Background information
- Origin: Los Angeles
- Genres: Indie rock
- Years active: 2013–present
- Labels: Polyvinyl, Hardly Art

= Ian Sweet =

Jilian Medford, better known by her stage name Ian Sweet, is an American indie rock musician from Los Angeles, California.

==History==
As Ian Sweet, Medford has released five full-length albums. The first album, Shapeshifter, was released in 2016 via Hardly Art. The album was listed at number 33 on Stereogums list of the "50 Best Albums of 2016". Ian Sweet was also listed as one of Stereogums best new bands of 2016. In 2018, Medford followed up her debut with her second full-length album titled Crush Crusher, also on Hardly Art. The album received a 3.5 out of 5 rating from Rolling Stone.
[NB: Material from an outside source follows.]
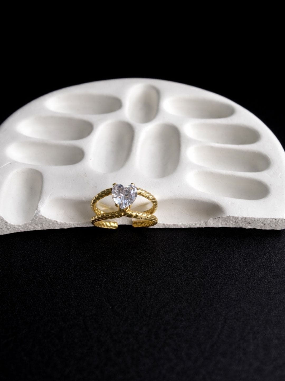 A graceful gold-tone adjustable ring featuring a sparkling heart-shaped American Diamond (AD) stone. Finished with an anti-tarnish coating, this delicate design adds romantic charm to everyday and occasion wear.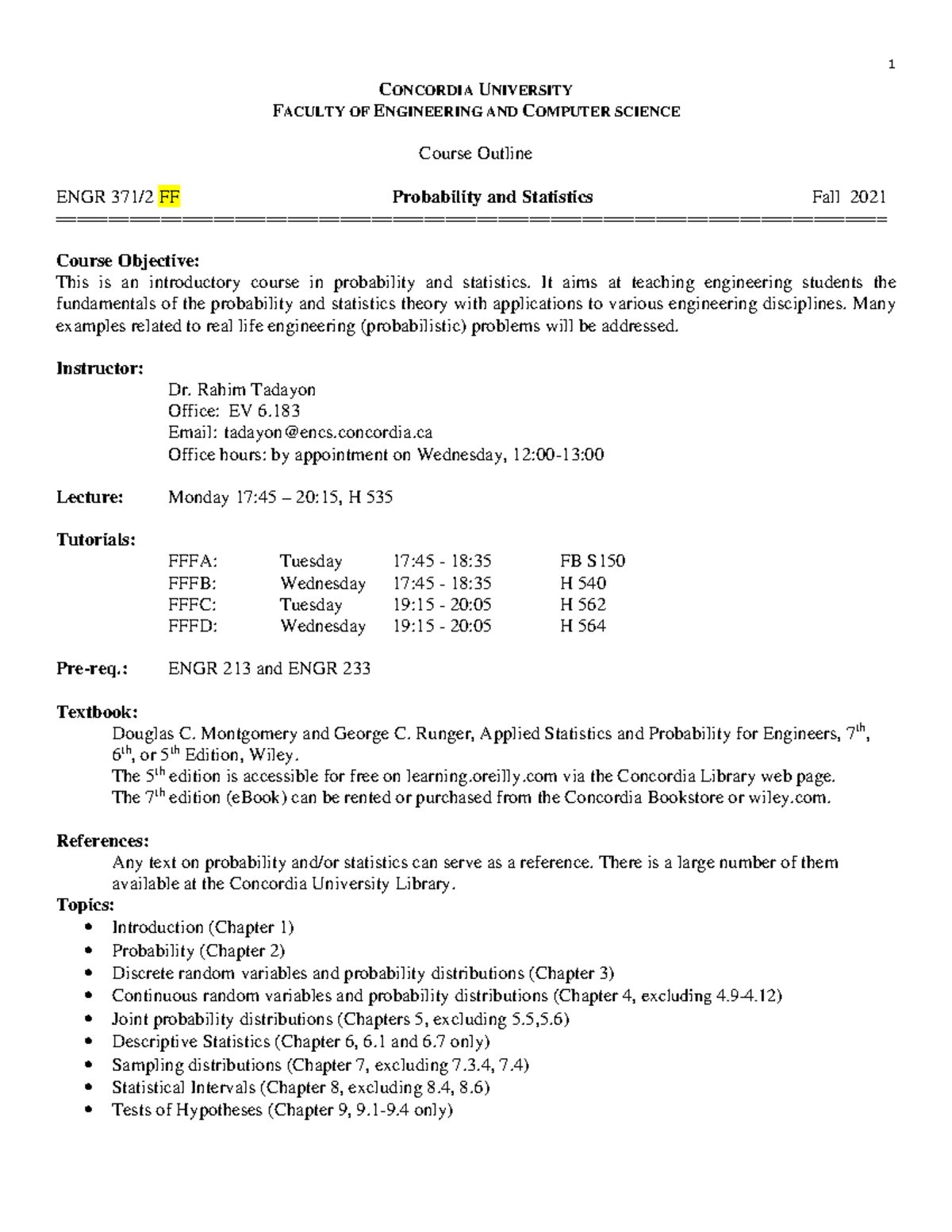 Course Outline ENGR 371 Fall 2021 FF ENGR 371 Concordia Studocu

In January 2020, Ian Sweet contributed to a benefit compilation in support of Bernie Sanders's 2020 presidential run. Organized by indie rock band Strange Ranger, the compilation was titled Bernie Speaks With the Community. Also in 2020, Ian Sweet contributed to Strange Ranger's benefit compilation The Song Is Coming from Inside the House, organized to benefit Groundswell's Rapid Response Fund in the wake of the COVID-19 pandemic.

Medford's third full-length album, Show Me How You Disappear, was released on March 5, 2021.
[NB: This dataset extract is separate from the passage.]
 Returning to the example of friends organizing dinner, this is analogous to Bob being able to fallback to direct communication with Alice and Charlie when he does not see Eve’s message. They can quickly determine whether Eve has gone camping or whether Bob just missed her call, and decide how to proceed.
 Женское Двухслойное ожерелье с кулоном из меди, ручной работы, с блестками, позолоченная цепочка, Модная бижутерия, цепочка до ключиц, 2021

Medford's fourth album as Ian Sweet, Sucker, was released via Polyvinyl on November 3, 2023.

Medford's fifth full-length album, Shiverstruck, was released via Polyvinyl on July 24, 2026.

==Discography==
Studio albums
- Shapeshifter (2016, Hardly Art)
- Crush Crusher (2018, Hardly Art)
- Show Me How You Disappear (2021, Polyvinyl)
- Sucker (2023, Polyvinyl)
- Shiverstruck (2026, Polyvinyl)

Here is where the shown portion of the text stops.